제6도는 본 발명에 따른 FDCT프로세서의 타이밍도로서, (6a)는 DCT클럭 신호 파형이고, (6b)는 램의 기록/독출 제어신호 (W/R1) 파형이며, (6C)는 제1클럭신호(CL1) 파형이고, (6d)는 제1아웃인에이블 신호(OE1) 파형이며, (6e)는 멀티플라이어 입력 래치신호(X1, Y1) 파형이고, (6f)는 멀티플라이어의 승산신호(M) 파형이며, (6g)는 제2클럭신호(CL2) 파형이고, (6h)는 제2아웃인에이블신호(OE2) 파형이다.6 is a timing diagram of an FDCT processor according to the present invention, where 6a is a DCT clock signal waveform, 6b is a RAM write / read control signal (W / R1) waveform, and 6C is a first clock. A signal CL1 waveform, 6d is a first out enable signal OE1 waveform, 6e is a multiplier input latch signal X1, Y1 waveform, and 6f is a multiplier multiplication signal (1). M) is a waveform, 6g is a second clock signal CL2 waveform, and 6h is a second out enable signal OE2 waveform.

상술한 구성에 의거 본 발명에 상세히 설명한다. 램(10)의 A포트와 B포트 어드레스가 각각 0와 4로 지정되고 그 번지의 내용들이 독출되어 가산부(30)와 감산부(40)로 입력된다. 처리속도가 충분하므로 상기 가산부(30)에서 가산된 결과를 (6a)에 도시된 바와 같은 DCT클럭이 1개 발생한 후 제1클럭신호(CL1)의 상승 에지에서 래치한다. 같은 시점에서 상기 감산부(40)에서의 감산결과도 신호(X, Y1)에 의해 승산부(90)에 래치한다.The present invention will be described in detail based on the above configuration. The A and B port addresses of the RAM 10 are designated as 0 and 4, respectively, and the contents of the address are read and input to the adder 30 and the subtractor 40. FIG. Since the processing speed is sufficient, the result added by the adder 30 is latched at the rising edge of the first clock signal CL1 after one DCT clock as shown in (6a) has occurred. At the same time, the result of the subtraction in the subtraction section 40 is also latched in the multiplication section 90 by the signals X and Y1.

다음 순간 상기 램(10)의 B포트 어드레스를 0으로 지정하고 상기 램(10)의 기록/독출 제어신호(W/R1)가 (6b)에 도시된 바와같이 로우상태에서 하이 상태로 바뀐다. 이때 전술한 바와 같이 제1클럭신호(CL1)에 의해 래치된 데이터가 상기 램(10)의 0번지에 기록된다.In the next moment, the B port address of the RAM 10 is designated as 0, and the write / read control signal W / R1 of the RAM 10 changes from a low state to a high state as shown in 6b. At this time, as described above, the data latched by the first clock signal CL1 is written to the address 0 of the RAM 10.

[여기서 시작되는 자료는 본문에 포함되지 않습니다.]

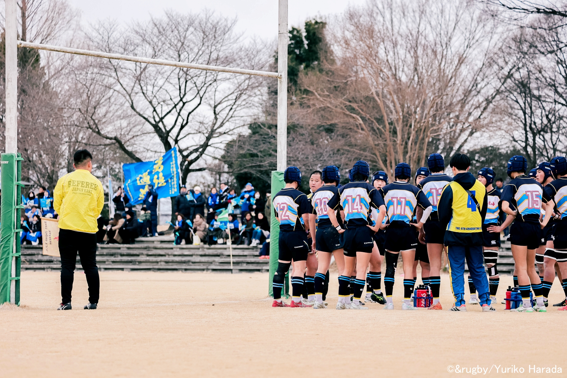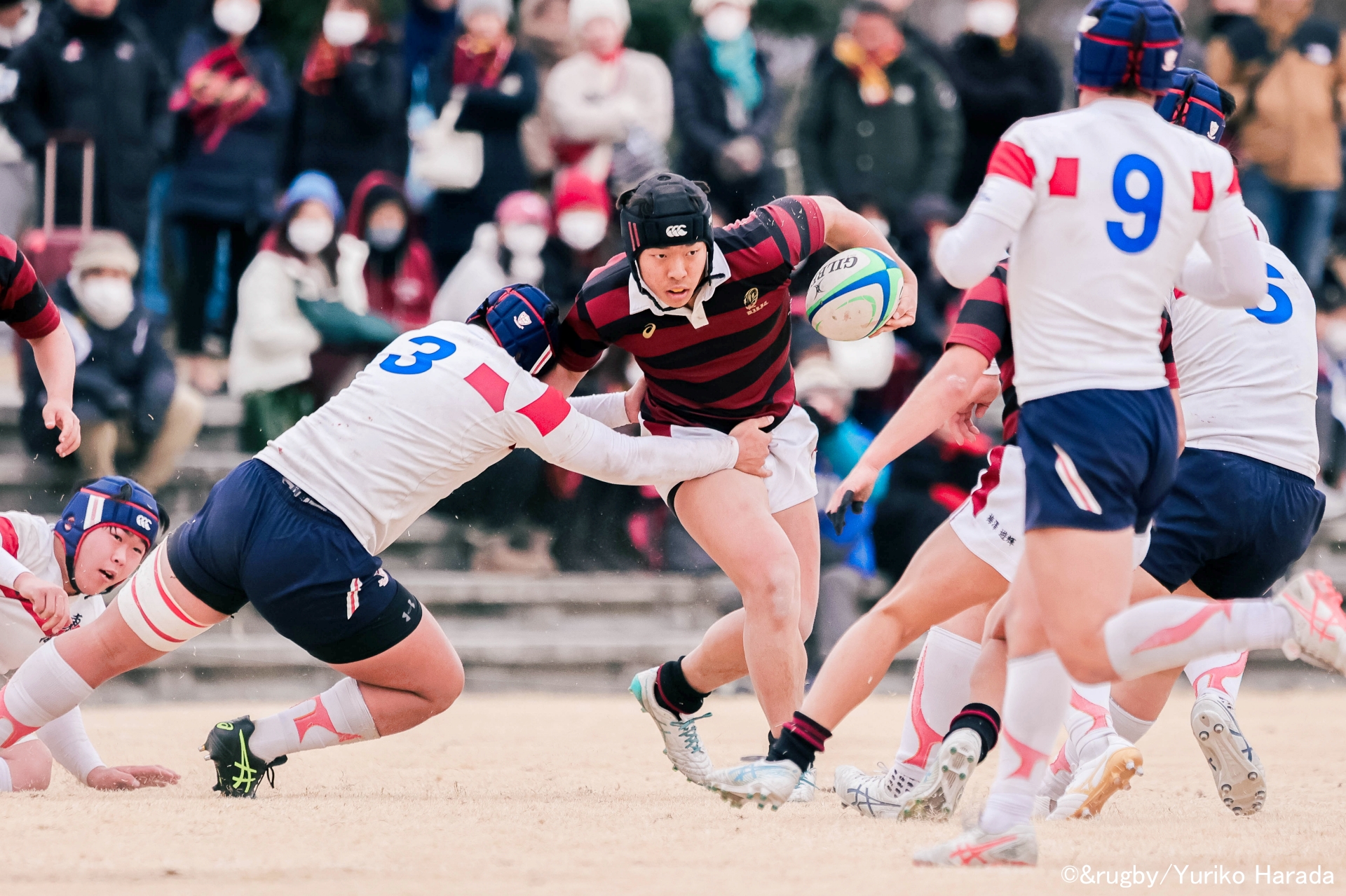 対する東海大相模は、トライライン目前での粘り強いディフェンスを見せる。ただ、ボールを動かし反撃に出る場面では、エッジでのミスが目立ちチャンスを生かしきれない。スタンドからは、惜しむ声が何度も上がった。

한편 감산결과의 롬(80)으로부터 출력되는 계수가 승산부(90)에서 승산된 결과는 (6g)에 도시된 바와 같은 제2클럭(CL2)에 의해 상기 램(10)이 입력 포트로 전달된다. 이순간 상기 램(10)의 B포트 어드레스는 4번지로 지정되고, 기록/독출 제어신호(W/R1)가 로우상태에서 하이 상태로 변하는 순간 상기 승산된 데이터가 상기 지정된 4번지에 기록된다. 다음에 연속되는 데이터들도 상기한 방법을 반복 수행하여 처리한다.On the other hand, as a result of multiplying the coefficient output from the ROM 80 of the subtraction result by the multiplier 90, the RAM 10 is transmitted to the input port by the second clock CL2 as shown in (6g). . At this moment, the B port address of the RAM 10 is designated as 4, and the multiplied data is written to the designated 4 as soon as the write / read control signal W / R1 changes from a low state to a high state. Next, subsequent data are processed by repeating the above method.

상술한 바와 같이 사용되는 램의 수를 반으로 줄이므로서 하드웨어의 감소효과 및 경비절감 효과를 얻을 수 있으므로 커스텀 아이씨화 측면에서 볼 때 효율성이 증대되는 이점이 있다.As described above, since the number of RAMs used is reduced in half, a reduction effect of hardware and a cost reduction effect can be obtained, and thus efficiency is increased in terms of custom ICization.

Claims

In the digital image processing system, there are two independent output ports capable of reading two data at the same time, and a RAM 10 for interfacing between stages as a buffer for temporarily storing data, and the RAM ( An adder 30 for adding data read out from the 10; a subtractor 40 for subtracting data read from the RAM 10; and an output of the adder 30; 10) a first latch unit 50 to be supplied to the first, a first multiplexer 70 selectively outputting the result of subtraction of the subtractor 40, a ROM 80 for generating a predetermined coefficient, A multiplier 90 multiplying the output of the first multiplexer 70 and the ROM 80, a second latch 100 which latches the multiplication result and transfers the result to the RAM 10, and the RAM And a second multiplexer 60 for selectively outputting data output from the two ports of (10). Real-time Discrete Cosine Converter.